The period from forty to fifty minutes was tough. My jaw was getting sore, something that I hadn’t anticipated or trained for. Had I known, I would have chewed gum or eaten more beef jerky as part of my training. I still didn’t feel full, but was realizing that even without the problem of feeling full, the mechanics of getting the steak down would still be an issue. Sarah again yelled “keep cutting!” I gave her a ‘who do you think you are’ look. She asked me if I was here to argue or if I was here to win. This helped me redouble my efforts, which in turn, gave me confidence that I could finish. I was still on track to finish if I could keep up my average pace and finish the sides quickly. The waiter that gave me the rules stopped, impressed by my progress. “Most people don’t get that far. If you finish, break the potato in two and eat it with your hands, like a hotdog eater.
Even with this encouragement, the last ten minutes was rough. Even at the beginning of this period, I was putting smaller amounts in my mouth, gagging some times when I swallowed. After focusing I continued and repressed the urge to gag. I still didn’t feel full mentally, but I was physically becoming unable to swallow. At fifty-two minutes, I was eating smaller bites: two or three tiny chunks that looked to have the collective footprint of a penny. Even these were too much; I would chew well and try to swallow. When I couldn’t, I would pinch half the meat in my mouth, swallow the miniscule amount remaining, and then finish the pinch in my hands. As a last ditch effort, at fifty five minutes I changed strategy. I put a slightly larger, around nickel-sized piece in my mouth and chased it with water, flinging my head back like I was taking an aspirin. I chomped on the much wetter lettuce to chase the steak. Nothing worked. At fifty nine minutes, I put my fork down, had a much-desired drink of water, and picked up my whiskey.
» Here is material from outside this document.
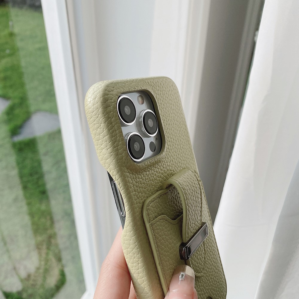 - Belt Design The strap design includes a premium metal buckle that allows the belt to act as a card holder closure and a finger ring holder for a secure grip
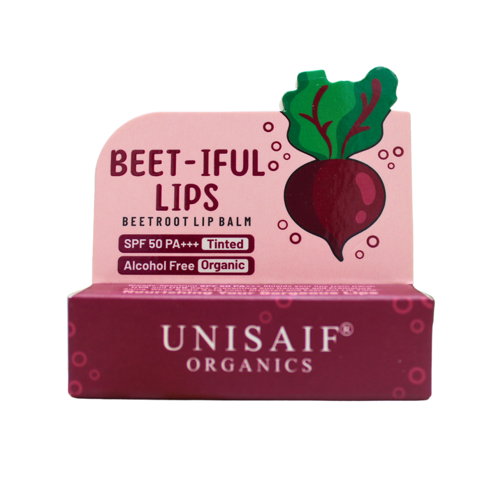 UNISAIF's beetroot lip balm is a highly replenished form of lip care that preserve and improve lip nourishment. It produces a delicate shine in them by forming a barrier film of moisture. Crafted with organic shea butter, unfiltered beeswax, avocado oil, almond oil, coconut oil, and vitamin E, that hydrates your lips naturally. During use, it feels buttery soft and glides on your lips smoothly.

Five minutes after the buzzer went off, I looked down. The steak seemed smaller then when I had just finished. All that was remaining was an eight to twelve ounce sirloin. I ate a couple more pieces and watched another contender for the next half-hour, gauging whether I could finish. I was finally feeling full, I could not. I crawled into the car and slept while Tom and Sarah drove us into Colorado.
Given the circumstances, I honestly don’t think I could have done any better. If I hadn’t been on the road, I could have prepared more thoroughly, and with bigger bites and less chewing, I may have gotten a little farther, but it probably wouldn’t have been a game changer. If I ever try again I will conquer the steak.
*If you find offensive things to be offensive, don’t read the rest!*
To answer the most asked question, I did not have an explosive bowel movement that night or, for that matter, for the next four days. All of my BM’s were disappointingly small, until the steak worked its way through, at which point it gradually got better. There was definitely no explosion.
I apologize for including this detail, but answering the same question repeatedly was getting tedious.